■ The task: Where pictures appear, omit them, and copy exactly only the lines from the start of the listing through the line containing "The spatial articulation", both included.

■ Dataset extract:
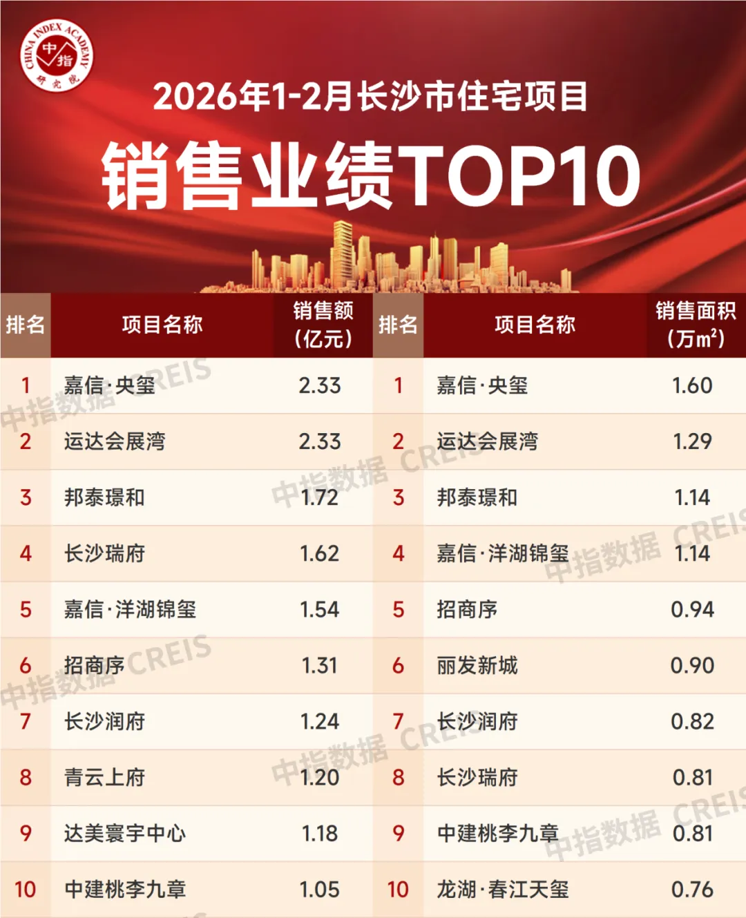 特别声明:房地产企业销售数据统计是以2026年1月1日-2月28日期间销售的商品房为统计口径,主要依据中指数据CREIS(点击查看)在长沙市内六区的销售监测数据,并参考企业提供的相关数据,经课题组严格审核纳入统计,涉及合资项目,销售数据划归于操盘企业。本报告仅供参考,课题组不对使用报告及其内容所引发的任何直接或间接损失承担责任。
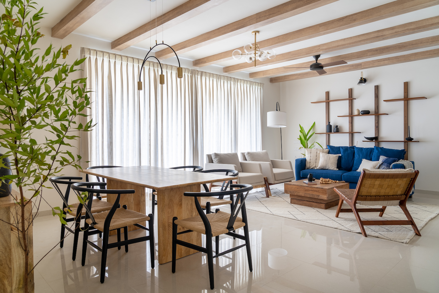 The spatial articulation was directed to reflect an ethos which would “view the coastal-chic inspiration from a lens of minimalism,” says Swati Kulkarni, founder, Let’s Create by Swati, which was tasked with embodying the vision of the home-owners. Reminiscent of beach houses along the coasts of Amalfi or Mallorca, the residence’s design intent was distilled to be bright, airy, earthy, and dotted generously with blue to echo vignettes of its context.
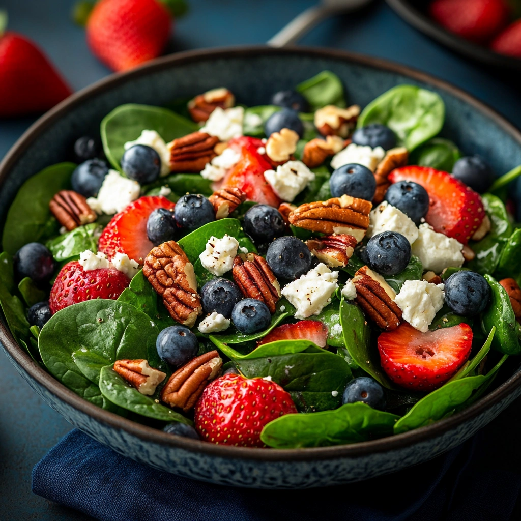 More than just delicious, it’s packed with nutrients. Spinach provides a rich base of iron and fiber, while strawberries and blueberries bring antioxidants and vitamin C. Pecans contribute healthy fats and satisfying crunch, and feta rounds it out with a salty, creamy punch. This salad is colorful, nourishing, and endlessly adaptable, making it a go-to option for warm weather meals or when you simply crave something fresh and wholesome.
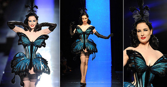 Дита Вон Тис не ги пропушта ревиите на Жан Пол Готје – или ги набљудува од првиот ред или е на самата модна писта. На денешната ревија во Париз, 41-годишната „кралица на бурлеската“ ги привлече погледите со незаборавно дефилирање.
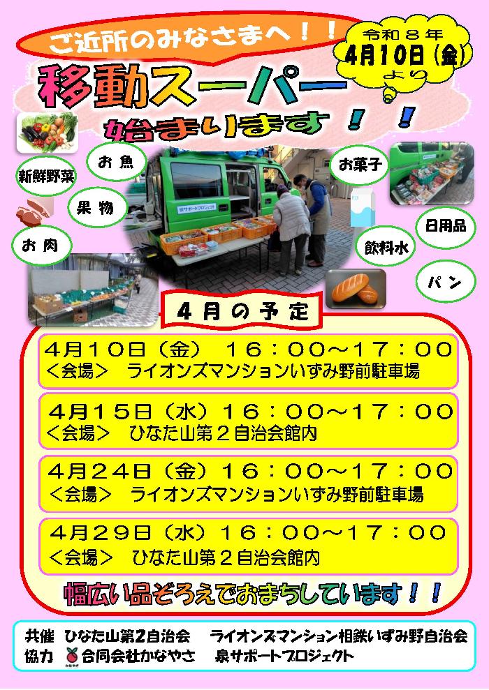 ひなた山第2自治会、ライオンズマンション相鉄いずみの自治会共催で移動スーパーを始めます。
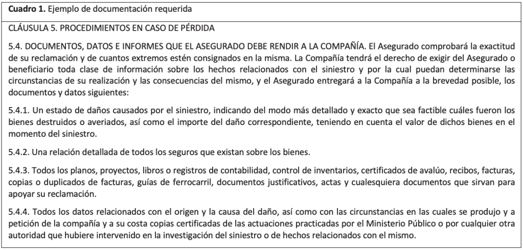 Existen aseguradoras que se concretan a transcribir el artículo 69, pero otras describen el tipo de documentación requerido según el ramo del seguro, como se muestra en el cuadro 1.
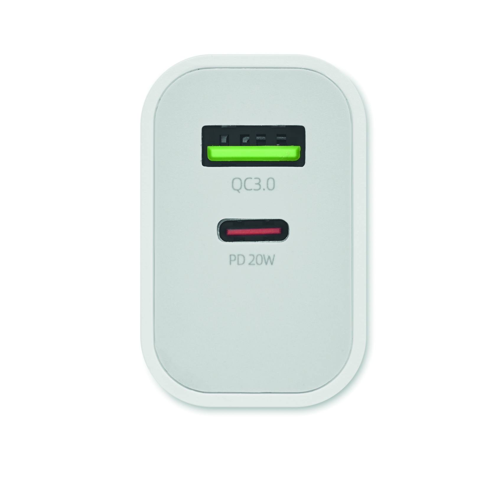 Logotrade advertising product picture of: 18W 2 port USB charger EU plug
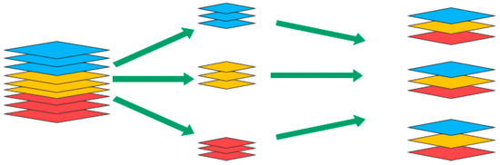 At the beginning of unit, the input of c feature channels were split into two branches with c-c′ and c channels respectively. First, the high efficiency in each building block enabled using more feature channels and larger network capacity. Second, in each block, half of the channel feature (when c′ = c/2 went through the block and joined the next block directly. This can be regarded as a kind of feature reuse. The number of “directly-connected” channels between i-th and (i + j)-th building block was rjc, where r = (1 − c′)/c. In other words, the amount of feature reuse decayed exponentially with the distance between two blocks, and the feature reuse became much weaker between distant blocks. Therefore, it reached the lower bound of the value under the given FLOPs when the number of input characteristic channels and the number of output characteristic channels were equal c1 = c2. Therefore, the three-channel number was adjusted in the program as shown in Figure 7 to better process image features with higher efficiency.
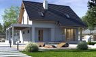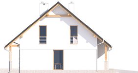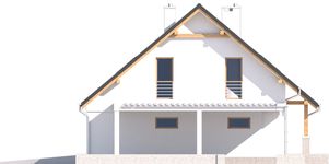 Graficzne opracowanie rzutów poglądowych widocznych na karcie projektu zostało wykonane przez Extradom.pl. Prezentowane przez Extradom.pl wizualizacje wykonane zostały przez autora projektu i należy poczytywać je jedynie za przykład i propozycję wykończenia, wizję architektoniczną autora projektu. Ostateczne wykończenie budynku może nastąpić na wiele sposobów. Szczegółowe rozwiązania zastosowane w oferowanej dokumentacji - w tym również ilość, lokalizacje i wygląd okien, drzwi, kominów - mogą w niewielkim stopniu różnić się od prezentowanej wizualizacji budynku.
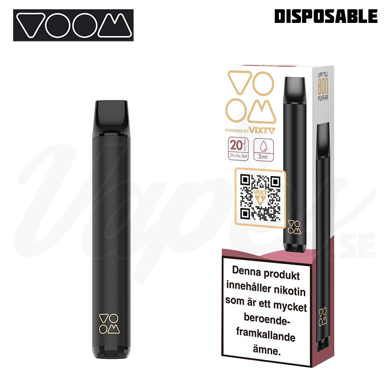 VOOM Mini är påfyllda och uppladdade e-cigaretter som aktiveras direkt vid inhalering. Inga inställningar krävs och produkten är redo att användas omedelbart. De är inte påfyllnings- eller uppladdningsbara. När smaken avtar eller batteriet tagit slut kasserar du produkten. Se den svenska bipacksedeln för mer information om innehåll, förvaringsinstruktioner, varningar om nikotin med mera.
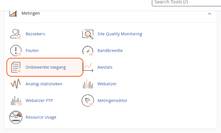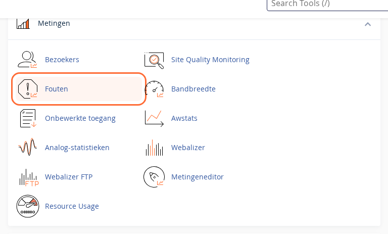 Je kunt deze tools ook snel vinden via de zoekbalk bovenaan cPanel. Typ fouten of onbewerkte toegang en klik op het juiste resultaat.
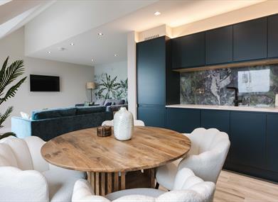 Apartment 8 is a luxury penthouse suite with private rooftop terrace and hot-tub, and a private balcony with a sea-views. There are two bedrooms comprising of a luxurious master suite with king size bed and ensuite bathroom, additional spacious second bedroom with bunkbeds sleeping up to 4, a main bathroom, and beautiful kitchen, dining and living area.
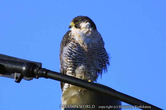 太郎丸へ向かうことにしたんですが県道は渋滞が始まっているので工場裏へ行くことにして瑞梅寺川沿いに湾の方へ向かいます。コハクチョウは今朝は姿が見えませんねぇ。電柱を中心に猛禽さんを探しながらリフレッシュ農場へ向かってるとハヤブサが電柱にとまってるのが見えました。
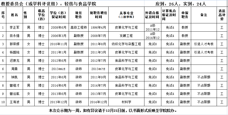 2016年专业技术职务申报教授委员会评议结果公示
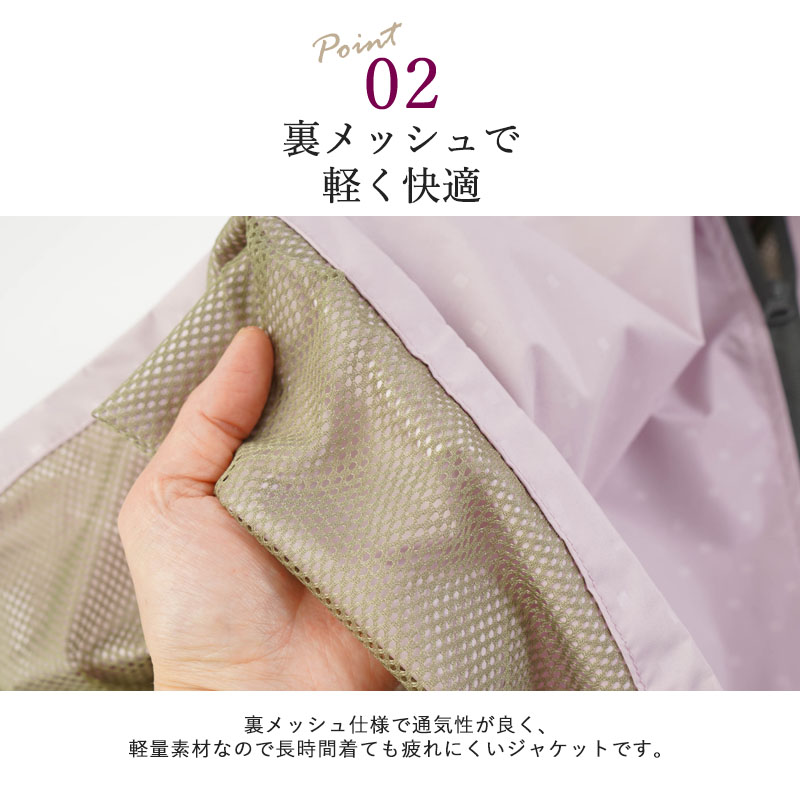 ● 雨・風・花粉を考えた機能性ジャケット。防風加工で急な雨風にも安心。外出時の冷えや花粉対策にも役立ちます。

■ Answer:
 特别声明:房地产企业销售数据统计是以2026年1月1日-2月28日期间销售的商品房为统计口径,主要依据中指数据CREIS(点击查看)在长沙市内六区的销售监测数据,并参考企业提供的相关数据,经课题组严格审核纳入统计,涉及合资项目,销售数据划归于操盘企业。本报告仅供参考,课题组不对使用报告及其内容所引发的任何直接或间接损失承担责任。
 The spatial articulation was directed to reflect an ethos which would “view the coastal-chic inspiration from a lens of minimalism,” says Swati Kulkarni, founder, Let’s Create by Swati, which was tasked with embodying the vision of the home-owners. Reminiscent of beach houses along the coasts of Amalfi or Mallorca, the residence’s design intent was distilled to be bright, airy, earthy, and dotted generously with blue to echo vignettes of its context.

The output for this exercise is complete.